The most practical solution was mentioned by Gujba, Mulugetta, and Azapagic, (2011). The authors of this article suggested that a harmonization of different forms of energy take place. In their sustainable development scenario, they suggested some reliance on renewable energy sources and a slow change from fossil fuels to renewable energy sources. Since the rural areas are further from the electricity grid and most currently do not have power, each area would become a little hub where they would produce their own power by whatever resource was closest. For example, in the northern areas, the mini-grids would work off of wind and solar power energy. Hydropower development would have to increase in order for this to be successful.
Winkler, Howells, and Baumert (2002) talk about envisioning where a country wants to end up before the development of energy resources. This is a great perspective about how to fix the energy crisis because taking the big picture into account before the development of the sector could include things outside of simply fixing the energy crisis such as poverty eradication, job creation, reducing carbon emissions, etc.
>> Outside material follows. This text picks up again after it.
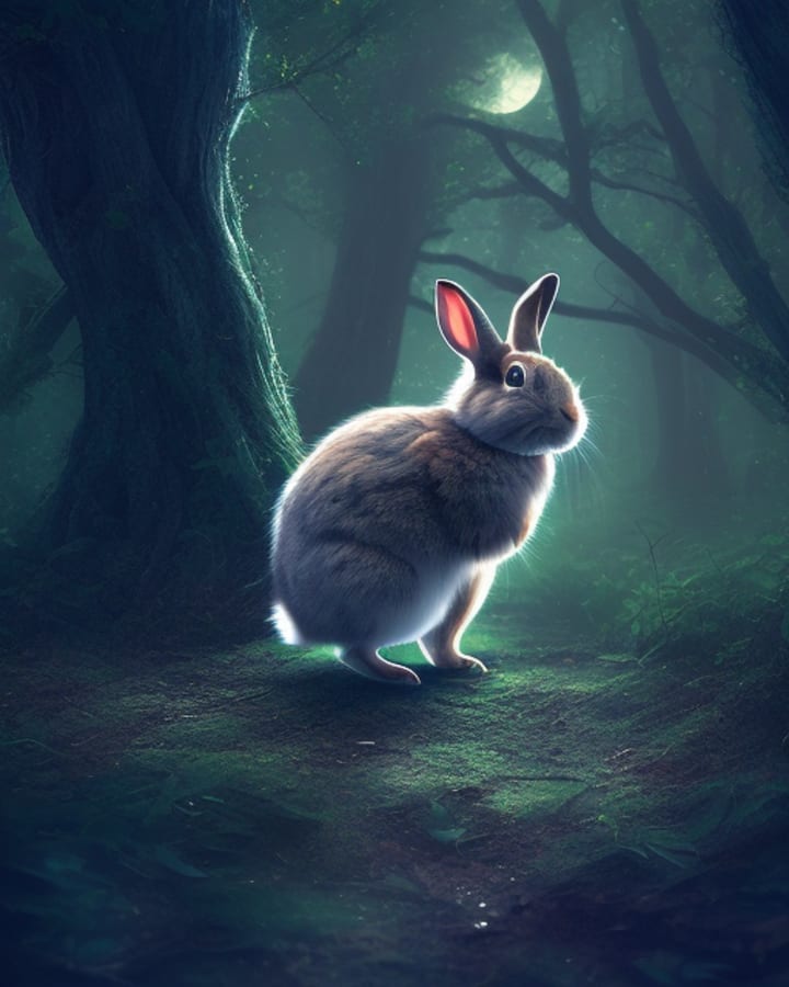 The flashing eyes of her fox kin shone back at the small rabbit. With a yip they began the chase. The rabbit ran into the forest as Kitsune’s laughter echoed through night.

Fixing the energy supply will solve many problems such as the overpricing of electricity due to the loss of the electricity within the grid (Winkler, Howells & Baumert, 2002).
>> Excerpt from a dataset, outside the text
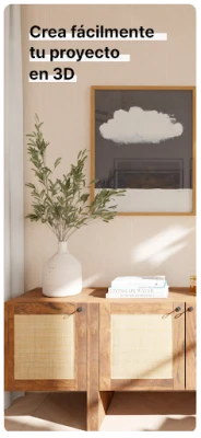 Explora infinitas ideas para el diseño interior de tu hogar. Visualiza tus espacios en 3D, experimenta con muebles y decoración, y guarda todos tus proyectos de diseño. Lleva contigo la inspiración para amueblar y decorar tu casa, planificando cada detalle con facilidad y creatividad, donde sea que vayas.

== Process and Industrial Developments dispute ==
Process and Industrial Developments Ltd (P&ID) entered into a 20-year contract with the Nigerian government for natural gas supply and processing. Nigeria was to
provide the gas, which PI&D was to refine so that it could be used to power the Nigerian electrical grid. PI&D could keep valuable byproducts for its own use. In 2012, PI&D demanded arbitration in London, alleging that Nigeria had not supplied the agreed quantity of gas or to construct the infrastructure it had agreed to build. The arbitral tribunal awarded damages of more than £4.8 billion. The compensation was valued £8.15 billion with interest when the case was heard in London High Court in December 2022.